The recent and future increase in the population that lives and works in cities will significantly pressure the infrastructure of cities, namely roads. This will increase the probability of traffic accidents, which carries significant challenges in city mobility, transportation systems, and, more importantly, human safety.
In this sense, it is of utmost importance to understand traffic accidents' infrastructural and environmental characteristics and predict them. This enables, for example, city emergency services to optimize responses to an emergency call and city managers to plan road traffic, considering the risk of traffic accidents.
Create an explainable predictive model of traffic accidents at street level by the moment of the day.
GOAL 11: Sustainable Cities and Communities
The following datasets were provided to the participants:
Most teams used only the provided dataset. One team also used weather data as input to the model. Teams argued that a more precise model could be built by providing more detailed information (e.g., the hour of each accident and the severity of the accident), information on the quality of the roads, locations of road signs, traffic data and user behavior (e.g., the demographic of the parties involved in the crash), and data on other means of transportation (e.g., cycling and pedestrians).

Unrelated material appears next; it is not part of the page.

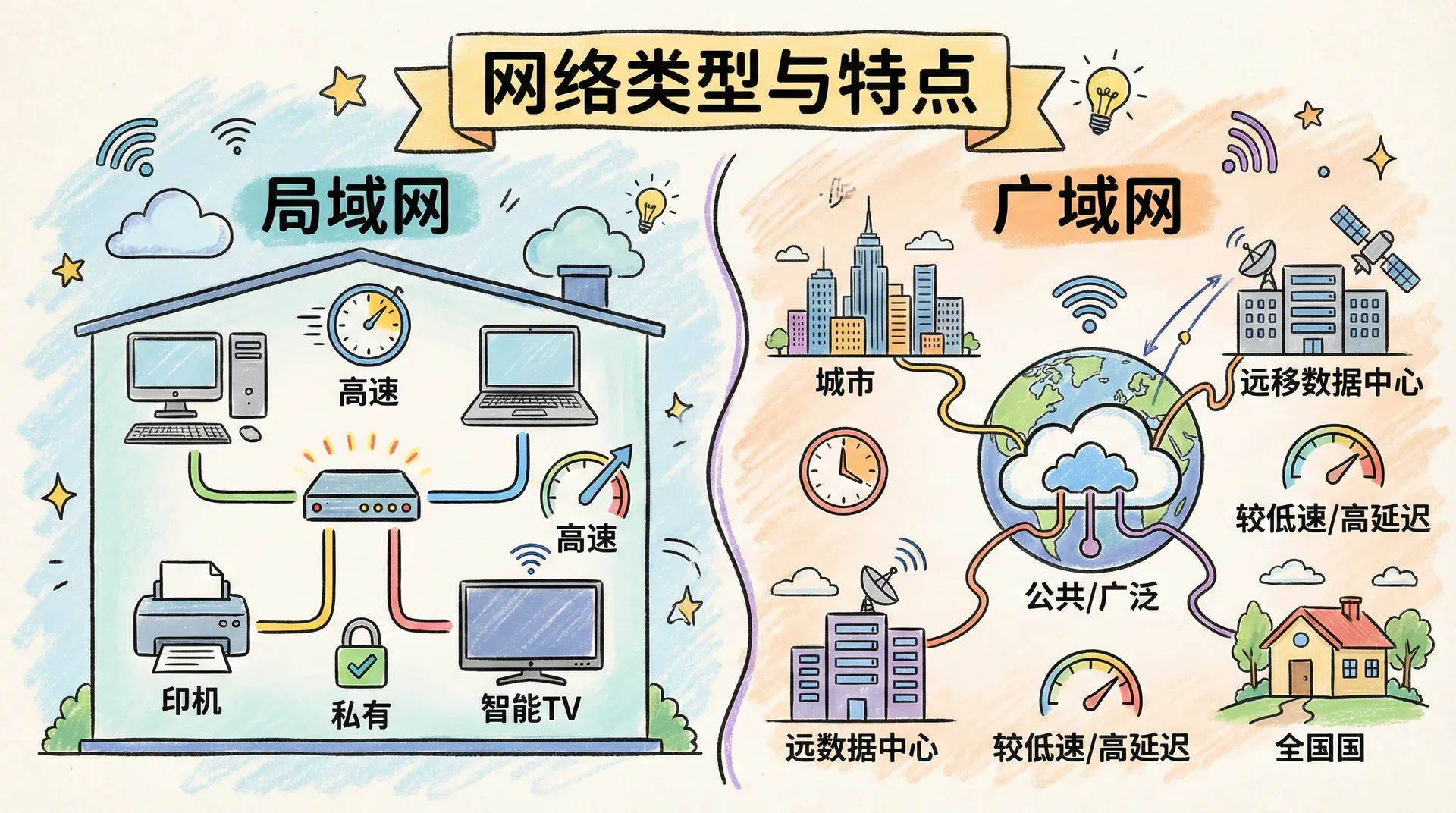 与局域网相比,广域网不仅受限于带宽约束,更面临明显的通信时延(通常为数十到数百毫秒),其原因包括地理距离带来的光传播延迟以及多级路由器转发和队列缓冲所引入的排队时延。 广域网可进一步细分为以下两类:

In this challenge, various methodologies were used for prediction. Some teams that used supervised learning approached this as a regression task (predicting the number of car accidents on the segment, with a risk factor) or as a classification task (if an accident happened, the categorical target of the number of accidents, location of the accident). A large array of models was tested by different teams as well.
One team compared five models: Random Forest with default hyperparameters and tuning, Logistic Regression, and Gradient Boosting with default hyperparameters and tuning. This team picked Logistic Regression for further prediction analysis as it had higher precision and lower recall. Another team used Random Forest and LASSO, while others used CatBoost and a Neural Network.
One team decided to take an unsupervised approach by clustering areas of accident concentration with DBSCAN. There was also a team that took a time-series approach to predict the number of accidents by day, although they did not develop a street-level model.
One team extensively analyzed when most accidents occur and discovered that the number is generally higher during winter and on Fridays (see Figure 1). Most of the accidents happened at or near a private driveway or non-intersection. It was also possible to observe a higher concentration of accidents in other areas.
Another team plotted the accidents, the most dangerous areas of the city (see Figure 2), and the most dangerous roads. Depending on the features used, the biggest contributing factors were the light conditions, the speed limit of the street, and the width of the road.
The main opportunity for the models proposed by the teams is to help local governments and law enforcement identify dangerous zones to improve them or have better patrolling in those areas.